- EXERCISE AIM -
Can you write out every line from the start of the records below through the line containing "8月15日,车辆在晚霞映照的哈尔滨松花江公路大桥上行驶(无人机照片)。", leaving out any pictures?
═══ GIVEN DATA
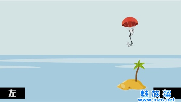 正确使用道具,随手拿着的东西可以帮火柴人解决难题,准备降落伞从飞机上跳下来。
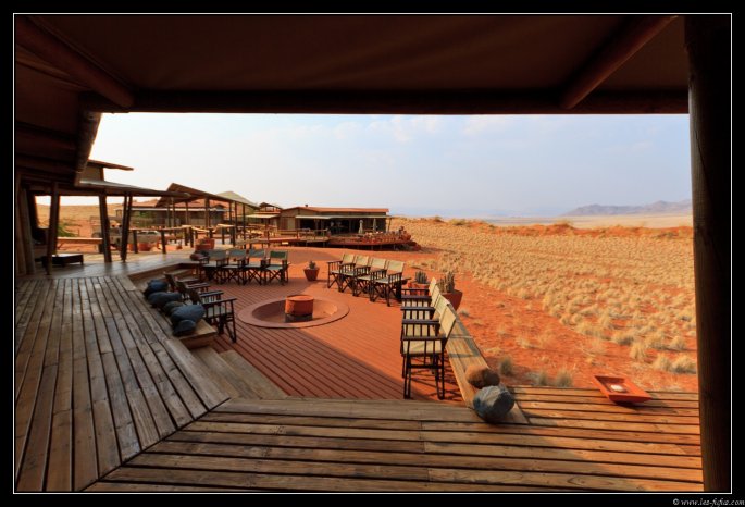 En plus des bungalows, une partie commune est construite. Elle est composée de nombreuses pièces et de très nombreuses terrasses. Globalement, on peut séparer le complexe en 3 parties : la piscine, le bar avec des salons, et la salle à manger. L’ensemble fait face à un point d’eau où de très nombreux oryx ont leurs habitudes. Ces dernièrs n’ont d’ailleurs pas peur et s’approchent des fois à 2-3 mètres des bungalows. La déco, elle, fait penser à un campement reculé de l’Afrique des années 20. Il y a beaucoup de détail. C’est très bien fait.
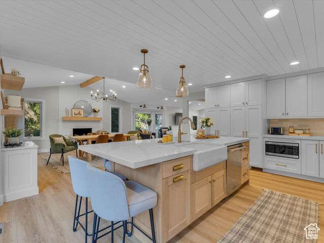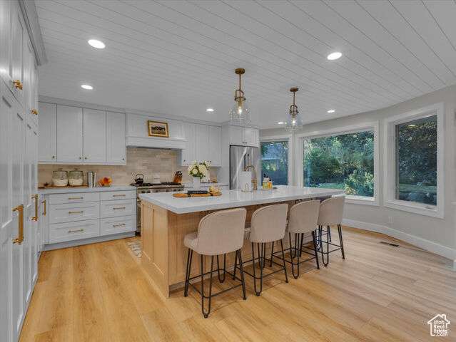 Fully remodeled home with stunning Bell Canyon views in an established neighborhood surrounded by mature pines and fruit trees. Large windows fill the vaulted great room with natural light, creating a warm and inviting space. Originally built as the builder's personal residence, the home offers exceptional quality and has been thoughtfully updated throughout. The home features custom cabinetry with a blend of white and white oak, complemented by a new kitchen with a large island, quartz countertops, tile backsplash, and high-end appliances. Each of the bathrooms is finished with designer tile and quartz countertops, while the primary suite includes a Euro-glass shower and a freestanding soaking tub. Built-in lockers add everyday function with a white oak bench detail. Additional updates include wide-plank oak-look flooring, new carpet, new doors, baseboards, and casing, plus fresh exterior paint that harmonizes beautifully with the brick and stone. The basement offers a built-in bar with a beverage fridge-perfect for entertaining. Outside, enjoy shady landscaping and close proximity to Granite Elementary, Bells Canyon, and Dimple Dell trailheads, with Little Cottonwood just five minutes away and Big Cottonwood ten minutes away-an ideal retreat for both everyday living and mountain adventure
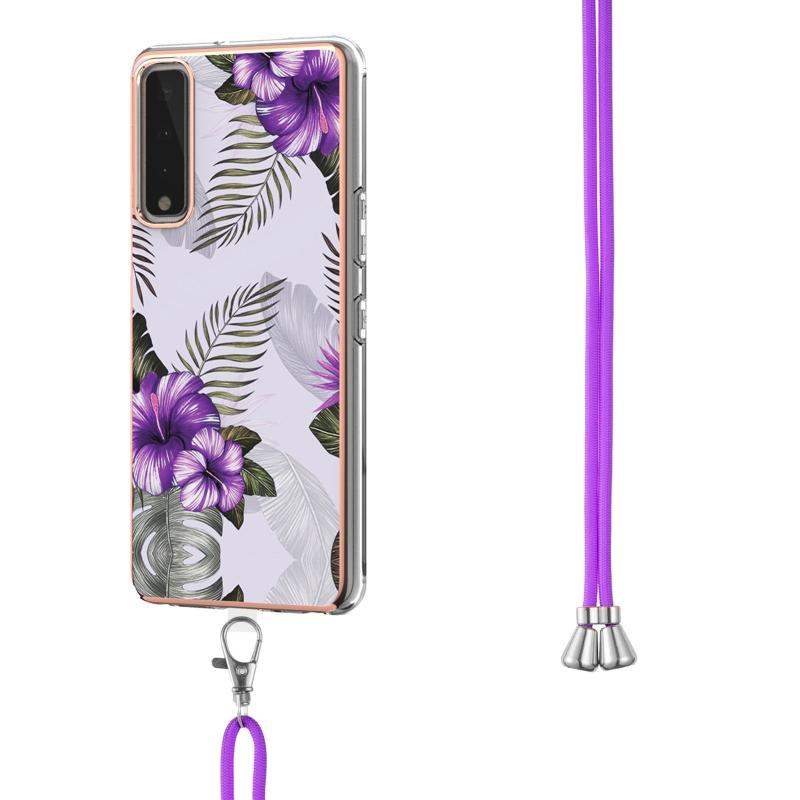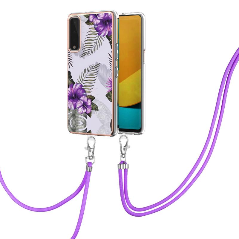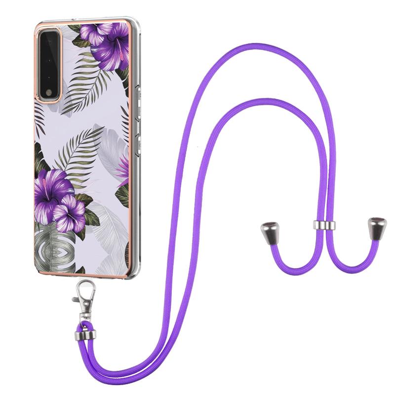 For LG Stylo 7 5G Electroplating Pattern IMD TPU Shockproof Case with Neck Lanyard(Purple Flower)
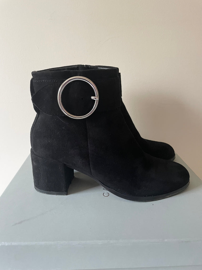 CARVELA SNORE BLACK SUEDE BUCKLE TRIM HEELED ANKLE BOOTS SIZE 5/38
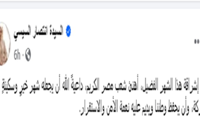 السيدة انتصار السيسى تهنئ الشعب المصرى بحلول شهر رمضان المبارك
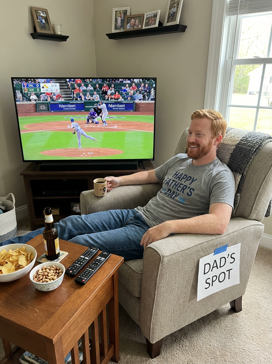 model watching sports on TV, Fathers Day relaxation, comfortable home setting, snacks and drinks
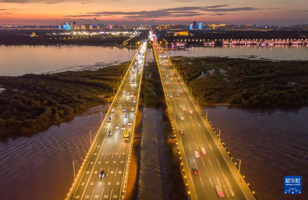 8月15日,车辆在晚霞映照的哈尔滨松花江公路大桥上行驶(无人机照片)。
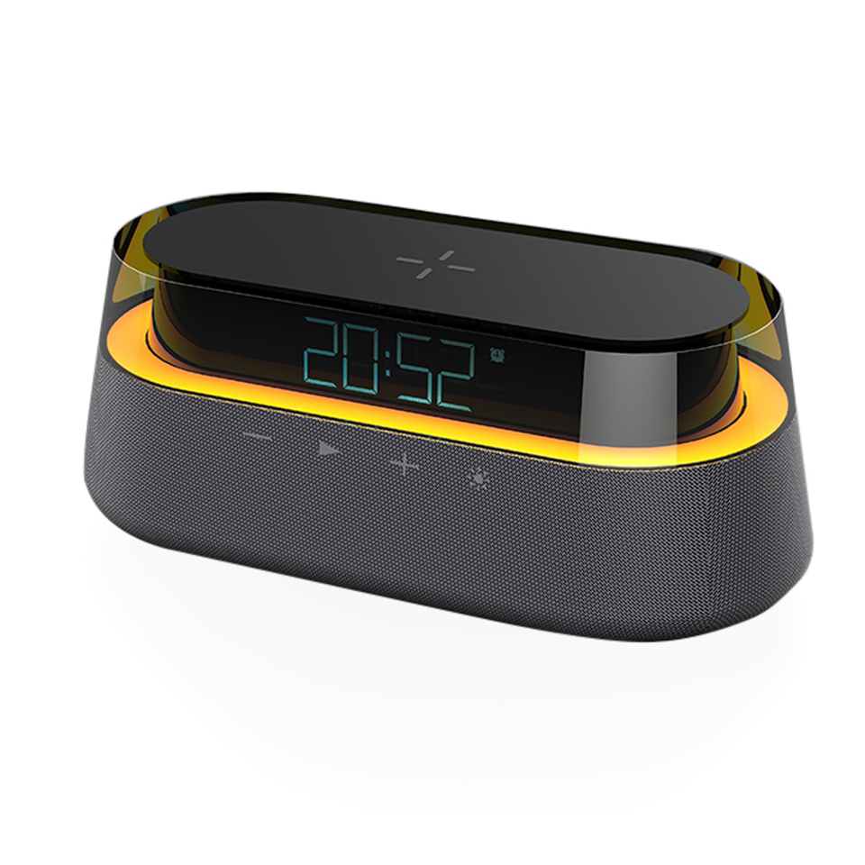 5 in 1 Stereo for Speaker RGB Light 15W Fast Wireless Charging Alarm Clock Desktop FM Radio
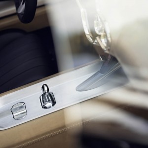 Le tout est particulièrement soigné et respire le luxe, la sportivité et la qualité ! A l’intérieur, l’Union Jack est aussi évoqué sur les portières, avec ces tubes de chrome noir faisant office de poignées de porte.
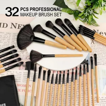 32-Piece Natural Hair Makeup Brush Set with Premium Wooden Handles
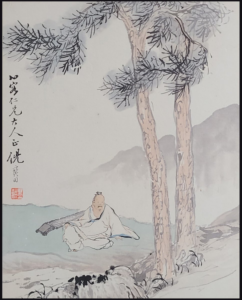 Ni Mo Geng (1855-1919) "The old man and the guqin under the pine tree". Painting size: 24x30cm
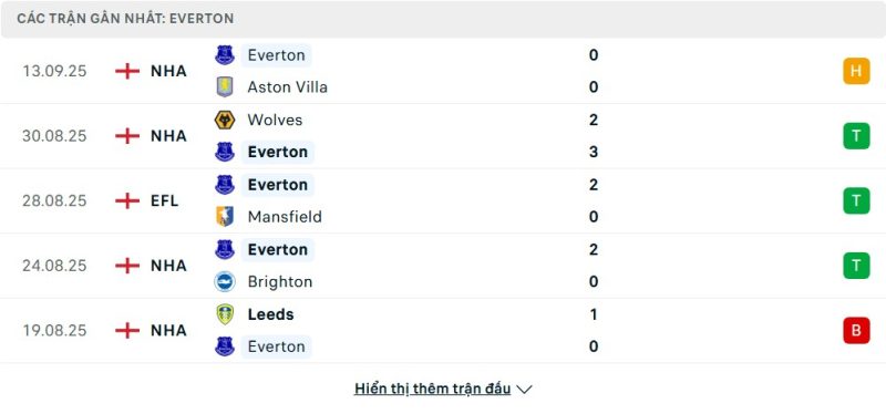 Bên kia chiến tuyến, Everton cũng đang duy trì một sự ổn định cần thiết. Đội bóng của HLV David Moyes hiện đứng thứ 6 trên bảng xếp hạng với 7 điểm sau bốn vòng đấu. Mặc dù có hai chiến thắng quan trọng, nhưng Everton cũng đã để thua Leeds và chỉ có một trận hòa không bàn thắng trước Aston Villa. Lối chơi của họ dựa nhiều vào sự chắc chắn ở hàng thủ và khả năng phản công nhanh. Dù thiếu sự bùng nổ, nhưng Everton luôn là đối thủ khó chịu cho bất kỳ đội bóng nào trong mùa giải này.
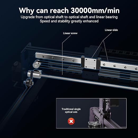 Estrutura de movimento totalmente nova: ao contrário das máquinas de pilha atómica anteriores, a pilha Atomstack A40 Pro adota um eixo X de guia linear com melhor estabilidade estrutural, tornando as linhas mais estáveis.
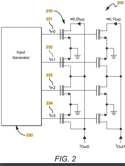 - [0029] FIG. 2 provides a schematic illustrating an exemplary embodiment of an analog multiplier array in accordance with some embodiments;
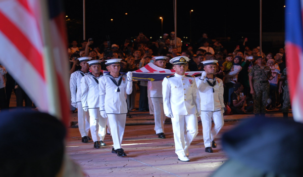 Kemuncak sambutan menyaksikan perarakan masuk anggota Rejimen 512 Askar Wataniah membawa Jalur Gemilang, sebelum penyerahan rasmi bendera kepada Pasukan Simpanan Tentera Laut Diraja Malaysia (PSTLDM), diiringi alunan lagu Negaraku yang bergema megah.
══════
- WRITTEN ANSWER -
 正确使用道具,随手拿着的东西可以帮火柴人解决难题,准备降落伞从飞机上跳下来。
 En plus des bungalows, une partie commune est construite. Elle est composée de nombreuses pièces et de très nombreuses terrasses. Globalement, on peut séparer le complexe en 3 parties : la piscine, le bar avec des salons, et la salle à manger. L’ensemble fait face à un point d’eau où de très nombreux oryx ont leurs habitudes. Ces dernièrs n’ont d’ailleurs pas peur et s’approchent des fois à 2-3 mètres des bungalows. La déco, elle, fait penser à un campement reculé de l’Afrique des années 20. Il y a beaucoup de détail. C’est très bien fait.
 Fully remodeled home with stunning Bell Canyon views in an established neighborhood surrounded by mature pines and fruit trees. Large windows fill the vaulted great room with natural light, creating a warm and inviting space. Originally built as the builder's personal residence, the home offers exceptional quality and has been thoughtfully updated throughout. The home features custom cabinetry with a blend of white and white oak, complemented by a new kitchen with a large island, quartz countertops, tile backsplash, and high-end appliances. Each of the bathrooms is finished with designer tile and quartz countertops, while the primary suite includes a Euro-glass shower and a freestanding soaking tub. Built-in lockers add everyday function with a white oak bench detail. Additional updates include wide-plank oak-look flooring, new carpet, new doors, baseboards, and casing, plus fresh exterior paint that harmonizes beautifully with the brick and stone. The basement offers a built-in bar with a beverage fridge-perfect for entertaining. Outside, enjoy shady landscaping and close proximity to Granite Elementary, Bells Canyon, and Dimple Dell trailheads, with Little Cottonwood just five minutes away and Big Cottonwood ten minutes away-an ideal retreat for both everyday living and mountain adventure
 For LG Stylo 7 5G Electroplating Pattern IMD TPU Shockproof Case with Neck Lanyard(Purple Flower)
 CARVELA SNORE BLACK SUEDE BUCKLE TRIM HEELED ANKLE BOOTS SIZE 5/38
 السيدة انتصار السيسى تهنئ الشعب المصرى بحلول شهر رمضان المبارك
 model watching sports on TV, Fathers Day relaxation, comfortable home setting, snacks and drinks
 8月15日,车辆在晚霞映照的哈尔滨松花江公路大桥上行驶(无人机照片)。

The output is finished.